BEGIN DATA BELOW

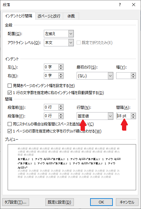 行間を「固定値」、間隔を文字サイズ+8ptほどに設定します。
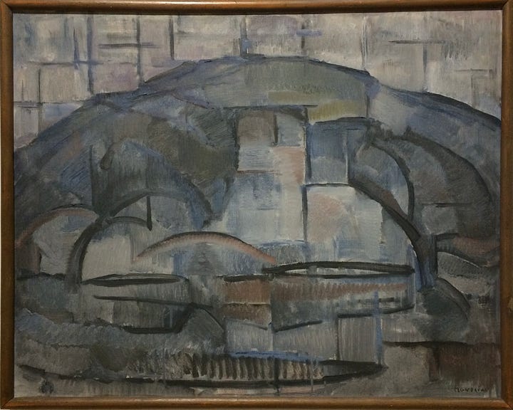 In 1911, Van Heemskerck was exposed to Cubism at an exhibition in Amsterdam. Later at Domberg, she takes lessons with prominent Cubist artist of the time, Lodewijk Schelfhout. Subsequently, her style shifts and she experiments with limited palettes and emphasized geometric forms. Hues of grays and browns begin to take over her canvases, displacing the previous bright hues. The change is striking and Schelfhout would later accuse Van Heemskerck of plagiarizing his style.
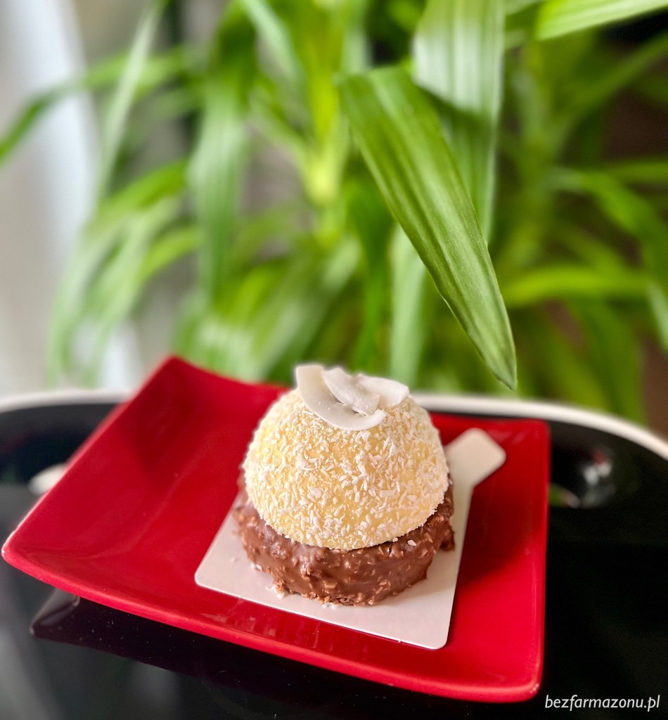 - bounty z intensywnie czekoladowym spodem, czekoladowym wypełnieniem oraz cremeux z białej czekolady i kokosa;
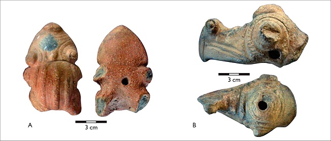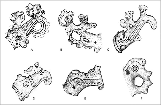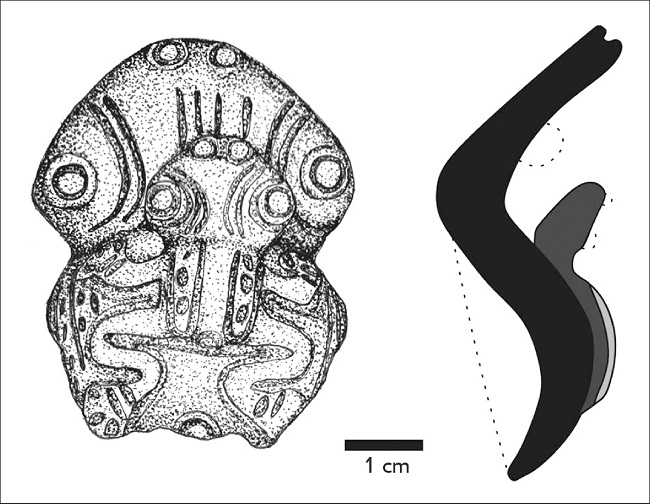 Os apliques em forma de quadrúpede sempre apresentam cabeça subtriangular e corpo elíptico (Figura 9), variando muito menos do que os ‘apliques-asas’. Os olhos desse tipo de figuração são sempre aplicados com um ponteado circular e o dorso, com variadas incisões e/ou filetes. O ventre desses apliques é sempre côncavo. Geralmente, essas figuras são identificadas como batraquiformes (‘sapos’ ou ‘rãs’). Essa identificação é justificada principalmente pelas patas traseiras fletidas, que lembram as de anuros.

END DATA BELOW

# EXERCISE
What belongs in the answer is each line above, reproduced exactly, and no picture.

# EXERCISE RESPONSE
 行間を「固定値」、間隔を文字サイズ+8ptほどに設定します。
 In 1911, Van Heemskerck was exposed to Cubism at an exhibition in Amsterdam. Later at Domberg, she takes lessons with prominent Cubist artist of the time, Lodewijk Schelfhout. Subsequently, her style shifts and she experiments with limited palettes and emphasized geometric forms. Hues of grays and browns begin to take over her canvases, displacing the previous bright hues. The change is striking and Schelfhout would later accuse Van Heemskerck of plagiarizing his style.
 - bounty z intensywnie czekoladowym spodem, czekoladowym wypełnieniem oraz cremeux z białej czekolady i kokosa;
 Os apliques em forma de quadrúpede sempre apresentam cabeça subtriangular e corpo elíptico (Figura 9), variando muito menos do que os ‘apliques-asas’. Os olhos desse tipo de figuração são sempre aplicados com um ponteado circular e o dorso, com variadas incisões e/ou filetes. O ventre desses apliques é sempre côncavo. Geralmente, essas figuras são identificadas como batraquiformes (‘sapos’ ou ‘rãs’). Essa identificação é justificada principalmente pelas patas traseiras fletidas, que lembram as de anuros.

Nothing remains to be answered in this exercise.